Provided records:
+++++

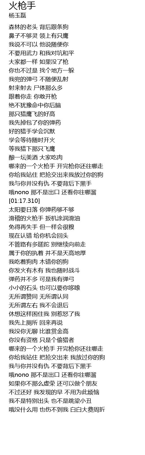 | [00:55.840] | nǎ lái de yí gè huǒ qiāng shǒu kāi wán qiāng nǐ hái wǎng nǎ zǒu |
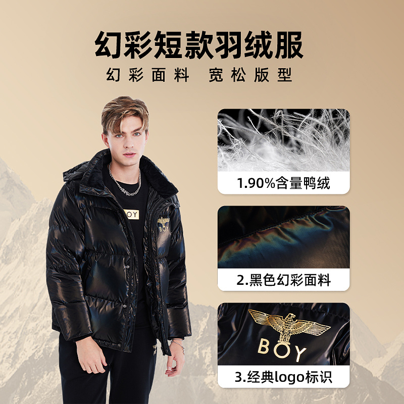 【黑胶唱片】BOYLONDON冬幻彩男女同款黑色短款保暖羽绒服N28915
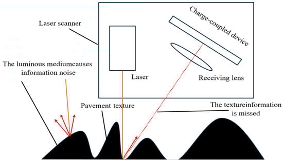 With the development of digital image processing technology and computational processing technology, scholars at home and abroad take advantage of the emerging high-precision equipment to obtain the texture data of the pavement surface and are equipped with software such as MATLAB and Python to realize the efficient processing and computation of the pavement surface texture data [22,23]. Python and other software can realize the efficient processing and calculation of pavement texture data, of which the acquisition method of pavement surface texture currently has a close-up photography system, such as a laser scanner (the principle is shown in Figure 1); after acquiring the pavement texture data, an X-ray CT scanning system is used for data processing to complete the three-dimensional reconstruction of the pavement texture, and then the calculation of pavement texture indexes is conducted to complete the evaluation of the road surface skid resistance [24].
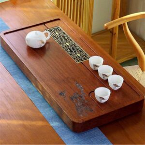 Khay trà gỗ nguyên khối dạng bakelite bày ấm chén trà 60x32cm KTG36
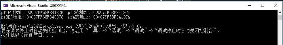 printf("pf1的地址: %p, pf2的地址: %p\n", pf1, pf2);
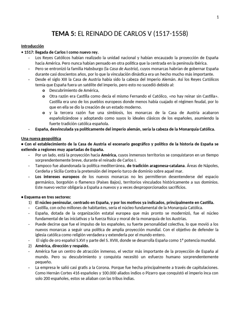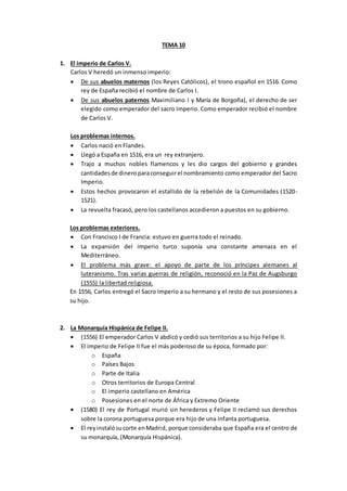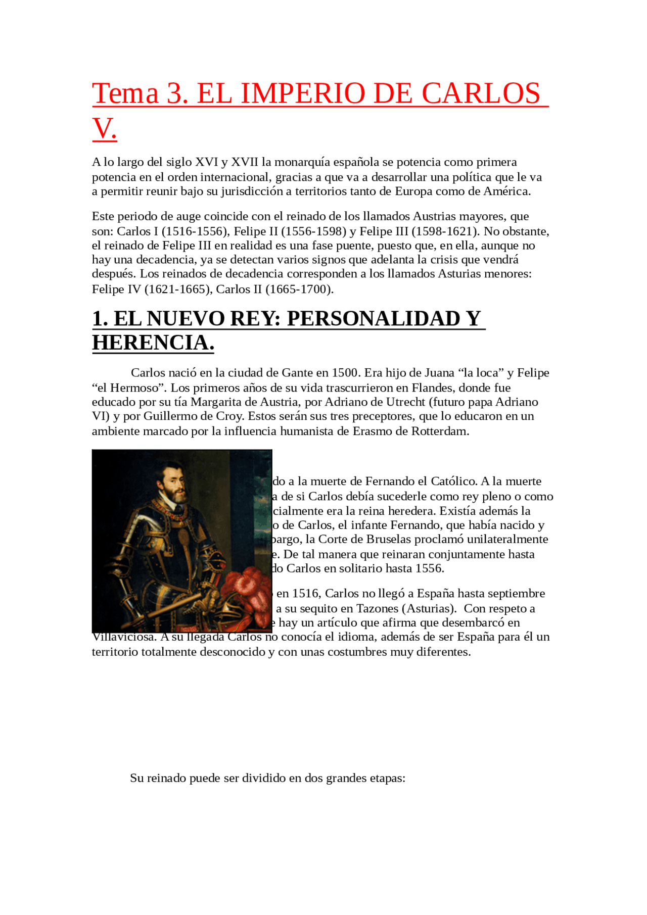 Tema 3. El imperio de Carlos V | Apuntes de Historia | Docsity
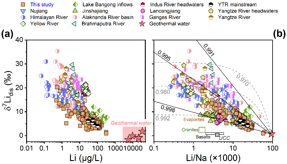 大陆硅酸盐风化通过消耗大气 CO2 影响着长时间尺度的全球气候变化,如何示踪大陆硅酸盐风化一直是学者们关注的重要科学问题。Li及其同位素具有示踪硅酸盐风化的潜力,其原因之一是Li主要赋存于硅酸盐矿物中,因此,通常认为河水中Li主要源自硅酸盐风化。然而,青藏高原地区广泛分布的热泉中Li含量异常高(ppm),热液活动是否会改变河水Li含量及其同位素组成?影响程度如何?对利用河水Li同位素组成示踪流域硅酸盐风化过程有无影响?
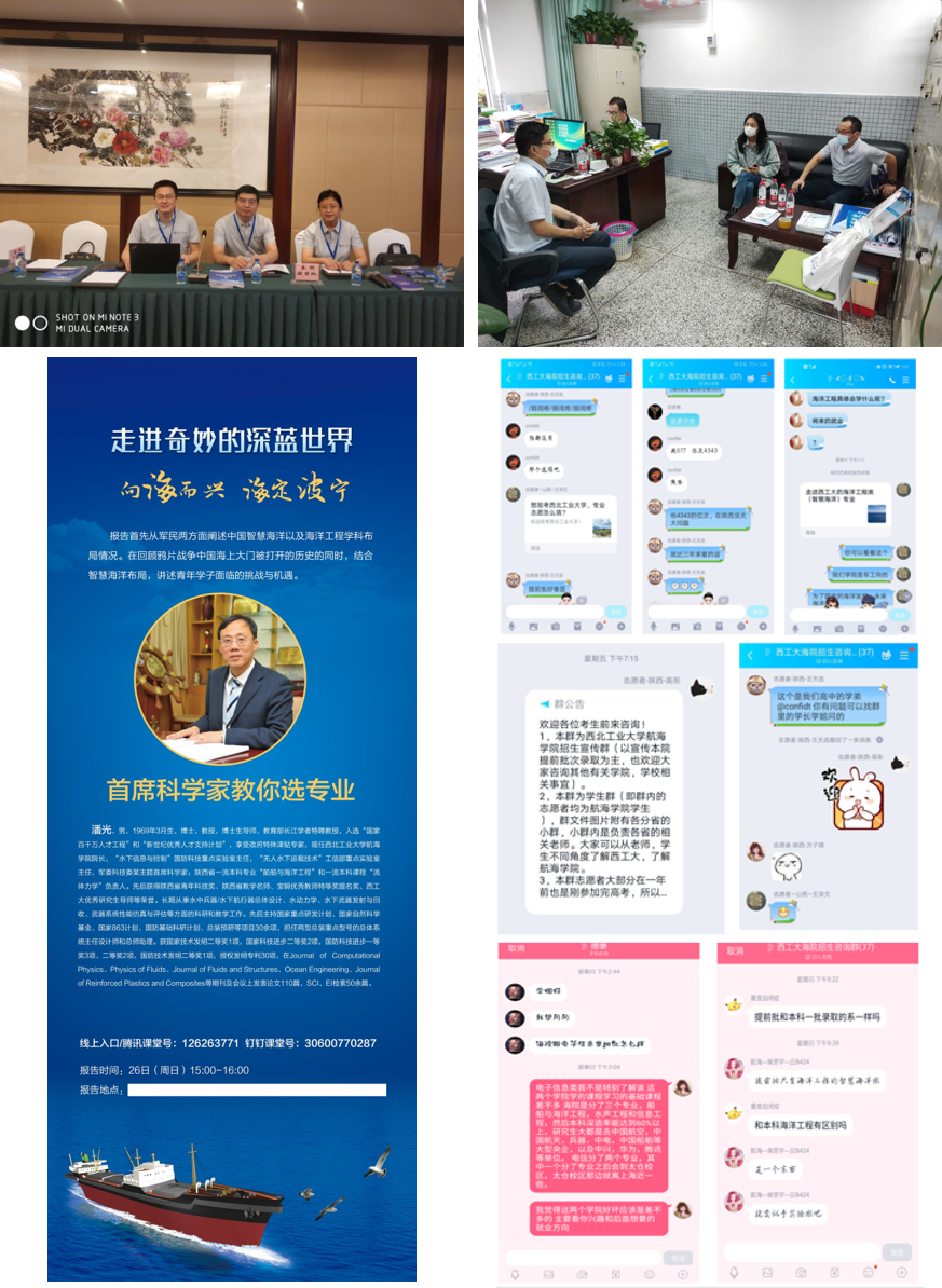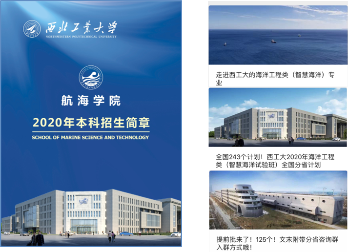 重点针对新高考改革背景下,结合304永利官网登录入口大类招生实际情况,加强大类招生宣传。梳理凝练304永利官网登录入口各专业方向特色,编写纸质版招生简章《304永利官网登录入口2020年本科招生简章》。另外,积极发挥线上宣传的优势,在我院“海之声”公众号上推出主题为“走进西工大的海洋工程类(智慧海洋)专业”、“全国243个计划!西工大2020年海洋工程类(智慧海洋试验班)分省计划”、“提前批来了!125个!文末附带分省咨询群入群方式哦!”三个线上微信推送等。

+++++

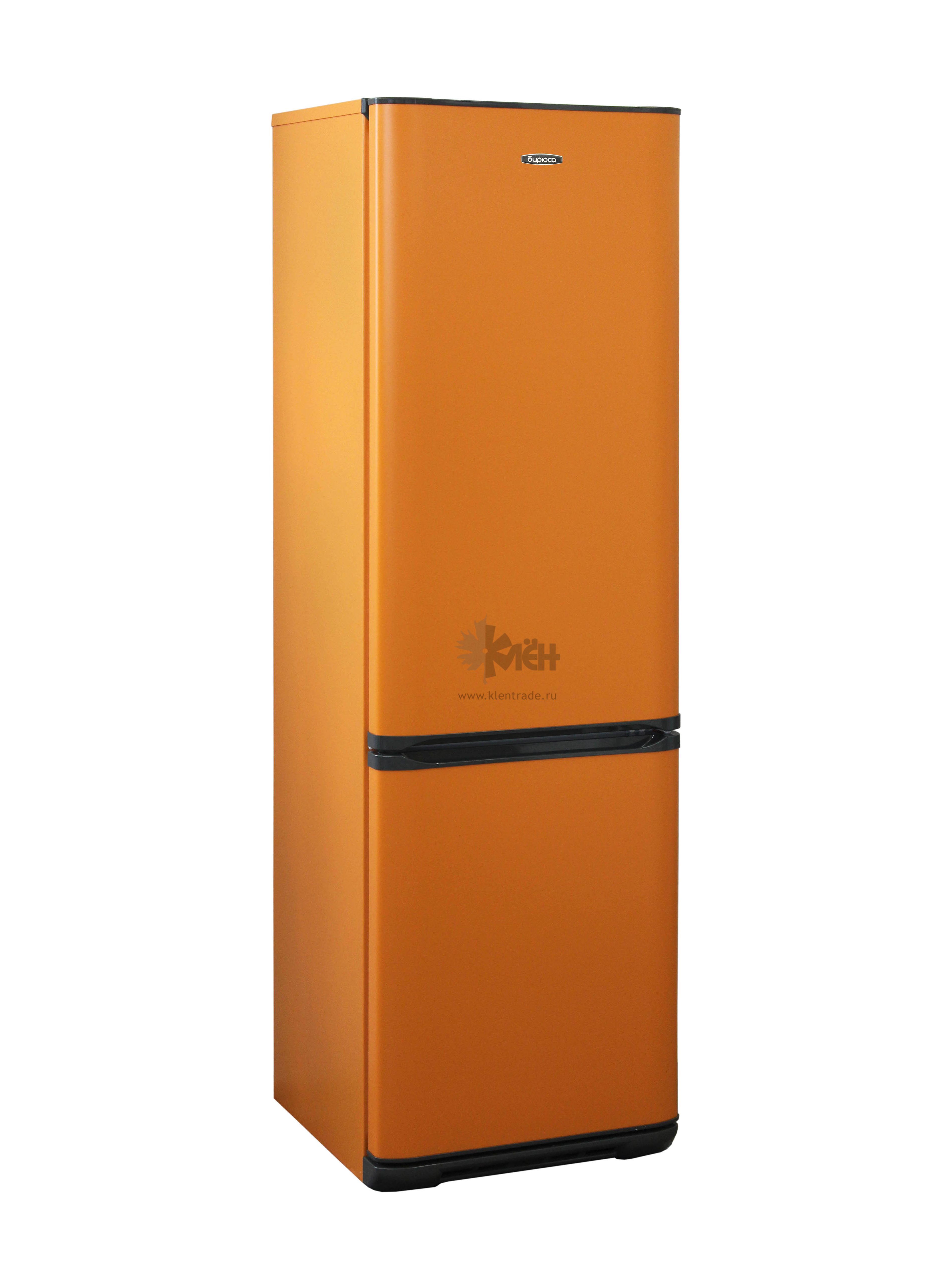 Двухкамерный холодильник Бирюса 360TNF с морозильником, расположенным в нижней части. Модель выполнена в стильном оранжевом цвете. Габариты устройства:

+++++

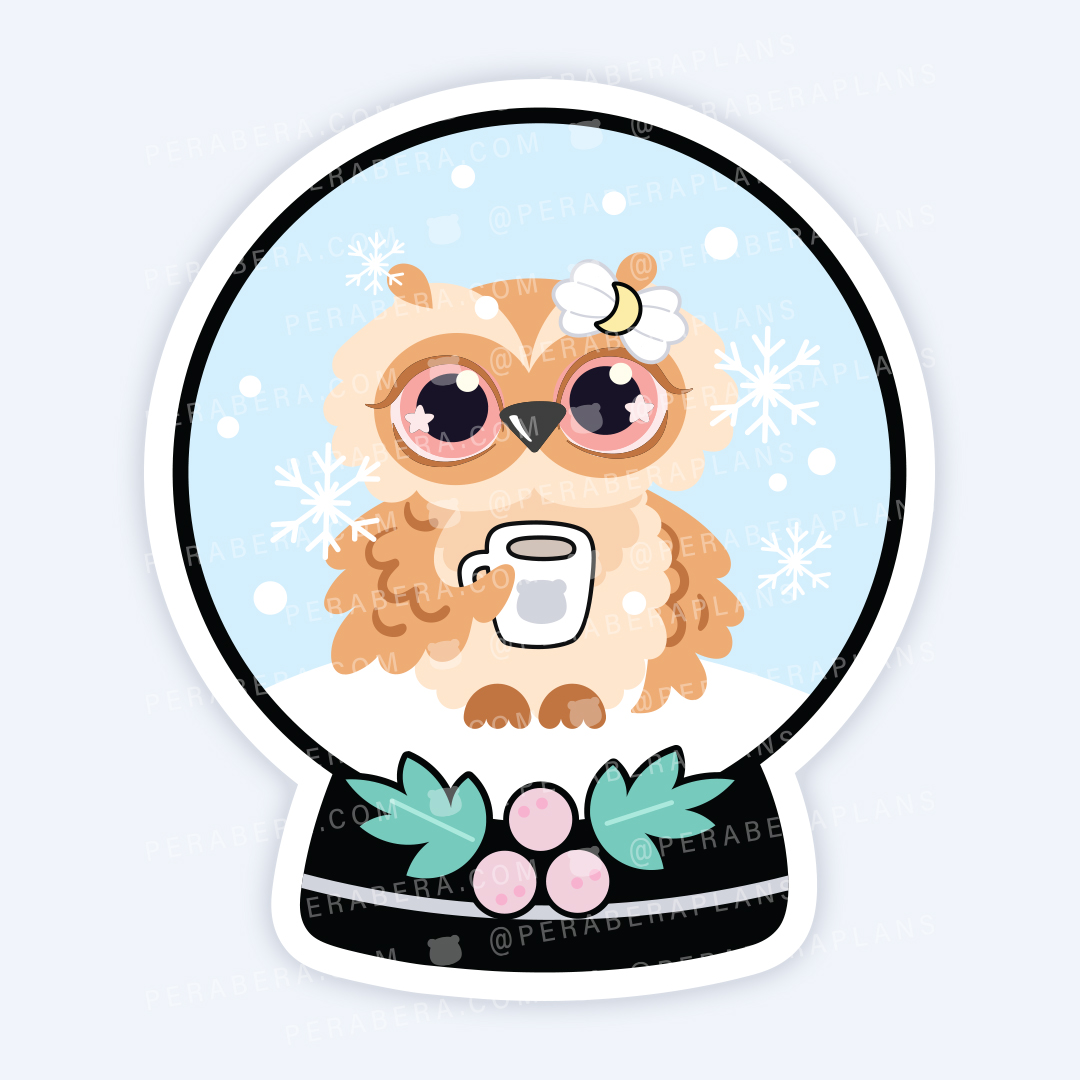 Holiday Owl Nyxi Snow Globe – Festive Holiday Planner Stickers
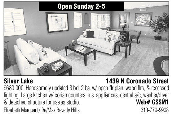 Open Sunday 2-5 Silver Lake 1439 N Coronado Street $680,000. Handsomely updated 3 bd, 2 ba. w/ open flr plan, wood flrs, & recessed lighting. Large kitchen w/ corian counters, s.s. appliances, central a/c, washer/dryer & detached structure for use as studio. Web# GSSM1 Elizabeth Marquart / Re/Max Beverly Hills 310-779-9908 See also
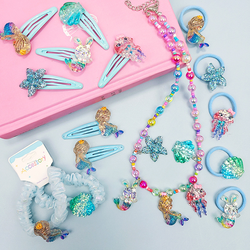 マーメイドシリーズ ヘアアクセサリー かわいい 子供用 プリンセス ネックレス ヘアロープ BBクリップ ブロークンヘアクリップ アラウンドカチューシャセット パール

+++++

Reproduce the entries exactly, from the line with "Tema 3. El imperio" to the line with "重点针对新高考改革背景下,结", both lines included, keeping no pictures.

Solution to the exercise:
 Tema 3. El imperio de Carlos V | Apuntes de Historia | Docsity
 大陆硅酸盐风化通过消耗大气 CO2 影响着长时间尺度的全球气候变化,如何示踪大陆硅酸盐风化一直是学者们关注的重要科学问题。Li及其同位素具有示踪硅酸盐风化的潜力,其原因之一是Li主要赋存于硅酸盐矿物中,因此,通常认为河水中Li主要源自硅酸盐风化。然而,青藏高原地区广泛分布的热泉中Li含量异常高(ppm),热液活动是否会改变河水Li含量及其同位素组成?影响程度如何?对利用河水Li同位素组成示踪流域硅酸盐风化过程有无影响?
 重点针对新高考改革背景下,结合304永利官网登录入口大类招生实际情况,加强大类招生宣传。梳理凝练304永利官网登录入口各专业方向特色,编写纸质版招生简章《304永利官网登录入口2020年本科招生简章》。另外,积极发挥线上宣传的优势,在我院“海之声”公众号上推出主题为“走进西工大的海洋工程类(智慧海洋)专业”、“全国243个计划!西工大2020年海洋工程类(智慧海洋试验班)分省计划”、“提前批来了!125个!文末附带分省咨询群入群方式哦!”三个线上微信推送等。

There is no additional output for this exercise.